David H. Koch Institute for Integrative Cancer Research, Massachusetts Institute of Technology, Cambridge, Massachusetts 02139, USA.
Howard Hughes Medical Institute, Massachusetts Institute of Technology, Cambridge, Massachusetts 02139, USA.
Genes Dev. 2019 Aug 1;33(15-16):1031-1047. doi: 10.1101/gad.327494.119. Epub 2019 Jun 13.
Aneuploidy, a condition characterized by chromosome gains and losses, causes reduced fitness and numerous cellular stresses, including increased protein aggregation. Here, we identify protein complex stoichiometry imbalances as a major cause of protein aggregation in aneuploid cells. Subunits of protein complexes encoded on excess chromosomes aggregate in aneuploid cells, which is suppressed when expression of other subunits is coordinately altered. We further show that excess subunits are either degraded or aggregate and that protein aggregation is nearly as effective as protein degradation at lowering levels of excess proteins.
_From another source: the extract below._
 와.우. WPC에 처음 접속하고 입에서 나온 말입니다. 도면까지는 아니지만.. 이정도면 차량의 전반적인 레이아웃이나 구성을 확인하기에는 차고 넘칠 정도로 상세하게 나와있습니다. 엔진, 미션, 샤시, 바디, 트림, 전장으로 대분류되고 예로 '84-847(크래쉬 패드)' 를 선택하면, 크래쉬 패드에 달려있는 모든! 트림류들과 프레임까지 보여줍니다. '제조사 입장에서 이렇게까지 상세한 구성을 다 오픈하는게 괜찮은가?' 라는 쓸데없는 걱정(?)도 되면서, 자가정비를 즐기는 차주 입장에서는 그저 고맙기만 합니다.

Our study explains why proteotoxic stress is a universal feature of the aneuploid state and reveals protein aggregation as a form of dosage compensation to cope with disproportionate expression of protein complex subunits.
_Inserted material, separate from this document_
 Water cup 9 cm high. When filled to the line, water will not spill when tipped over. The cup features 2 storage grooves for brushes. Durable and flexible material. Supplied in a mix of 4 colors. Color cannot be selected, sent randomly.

非整倍体,一种以染色体增益和缺失为特征的情况,导致适应性降低和许多细胞应激,包括蛋白质聚集增加。在这里,我们将蛋白质复合物的相对数量失衡确定为非整倍体细胞中蛋白质聚集的主要原因。在非整倍体细胞中,过量染色体编码的蛋白质复合物亚基聚集,当其他亚基的表达协调改变时,这种聚集被抑制。我们进一步表明,过量的亚基要么被降解,要么聚集,并且蛋白质聚集在降低过量蛋白水平方面几乎与蛋白降解一样有效。我们的研究解释了为什么蛋白毒性应激是非整倍体状态的普遍特征,并揭示了蛋白质聚集作为一种应对蛋白质复合物亚基不成比例表达的剂量补偿形式。